Once the main components of the electric motor, shaft, air fan and bearings were removed from the plastic casing as one piece, the large outer stationary core of the motor could be slipped off the inner rotating motor core. The plastic VSC switch assembly remained attached to the end of the removed motor core at this stage.
The inner rotating shaft section remains complete with 2 x bearings, the rotating contact surface for the brushes, the inner motor coil/core/magnets, plastic air fan and the shaft itself.
This was a great time to give the entire set of components a quick clean and blow down with compressed air. We also gave the bearings a quick spray with a penetrating liquid lubricant (eg: CRC, WD40, etc).
Important: If you do a similar service on fast moving parts, DO NOT contemplate using Silicon sprays, as although they are slippery on a surface, they become sticky rather than slippery when subject to speed and associated sheer forces!
Step 3 – Removing the Plastic Variable Speed Control (VSC) Switch Housing
The variable speed ON / OFF switch is contained in a separate plastic housing. The entire housing can be removed from the motor by simply pulling straight out from the end of the motor core. The switch housing assembly is only attached to the motor core by four small brass electrical contacts, so care was needed not to bend or damage the contact pins.
Step 4 – Opening Up the VSC Switch Housing
Once the plastic housing was separated from the motor completely, the switch housing itself was opened to gain access to the mini electronic PCB board and sliding switch arrangement inside. The internal components of the switch housing control the current flow to vary motor speed.

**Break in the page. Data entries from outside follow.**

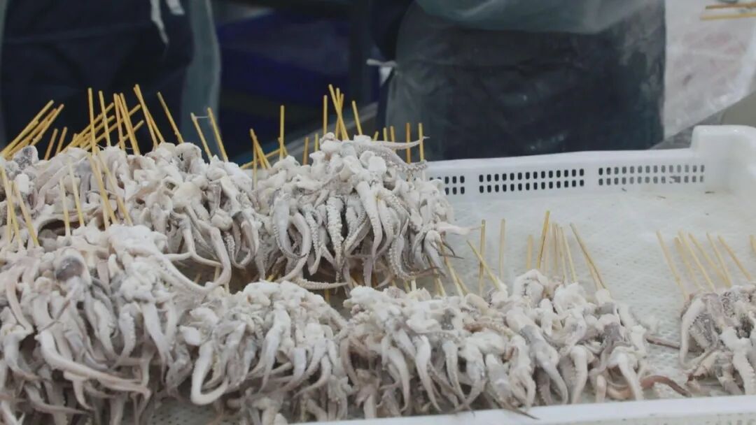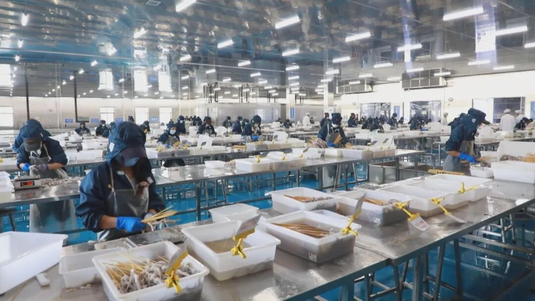 冷库里装着原料也装着成品,一进一出,就是上亿元的大生意。像这样一个加工车间,可以容纳300人就业,一天处理鱿鱼原料20吨。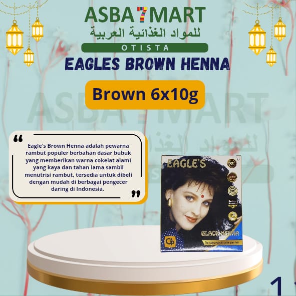 EAGLES BROWN HENNA 1 BOX ISI 6 X 10G adalah paket praktis berisi 6 kemasan henna cokelat alami, masing-masing seberat 10 gram. Diformulasikan dengan bahan henna berkualitas tinggi, produk ini memberikan warna cokelat yang kaya dan tahan lama pada rambut Anda, sekaligus memberikan perawatan alami untuk rambut yang lebih sehat. EAGLES BROWN HENNA bebas dari bahan kimia berbahaya, sehingga aman untuk digunakan pada rambut dan kulit kepala. Setiap kemasan cukup untuk satu aplikasi, menjadikannya pilihan ekonomis dan efektif untuk merawat rambut Anda.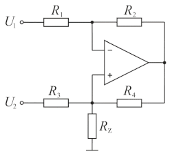 V praxi se však nejčastěji vstup U1 spojuje s nulovým potenciálem (tj. se zemí) a rezistory se volí stejné tj. R1=R2=R3=R4=R, potom platí jednodušší vztah: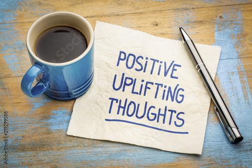 attitude, inspiration, positive, thought, uplifting, blue, hot drink, cup, espresso, handwriting, happiness, message, napkin, note, optimism, pen, positivity, reminder, success, text, thinking, wood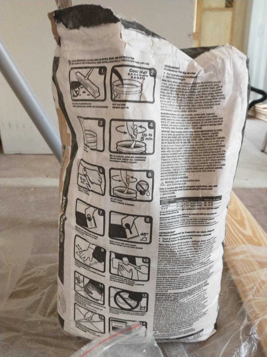 Yes, easy. Even the instructions on the thinset bag say so as they are designed in Lego fashion. And Lego instructions make putting together the World Art Map with its 11,000 pieces or the beloved Millennium Falcon and all its mere 7500 pieces seem like child’s play. Everyone knows this, right? Thinset instructions simply show mix, apply, grout.

The plastic housing had an internal plastic clip arrangement that cannot be seen from the outside of the housing. The clips held the two sides of the molded plastic together.
From the seam of the plastic, a small screw driver was used to gently wedge the two sides of the plastic apart. Care was taken not to break the fragile clips during separation.
In separating the two sides of the switch arrangement, two internal parts fall out. The top blue plastic switch slider plate which can be seen from the outside of the tool and the smaller black plastic slider that sits underneath it.
Step 5 – Separating Variable Speed Motor Controller PCB board and Replacing TRIAC Chip
Once the switch housing was totally apart, a small white PCB circuit board could be seen. It was gently removed by sliding the part sideways. The PCB board was only lightly clamped into the switch housing by the electrical contact plates that surrounded it.
The part found to be stopping the variable speed control from working was the small black on the white PCB. It was a small chip with four contacts (three small legs on one side and one larger contact on the opposite edge of the chip).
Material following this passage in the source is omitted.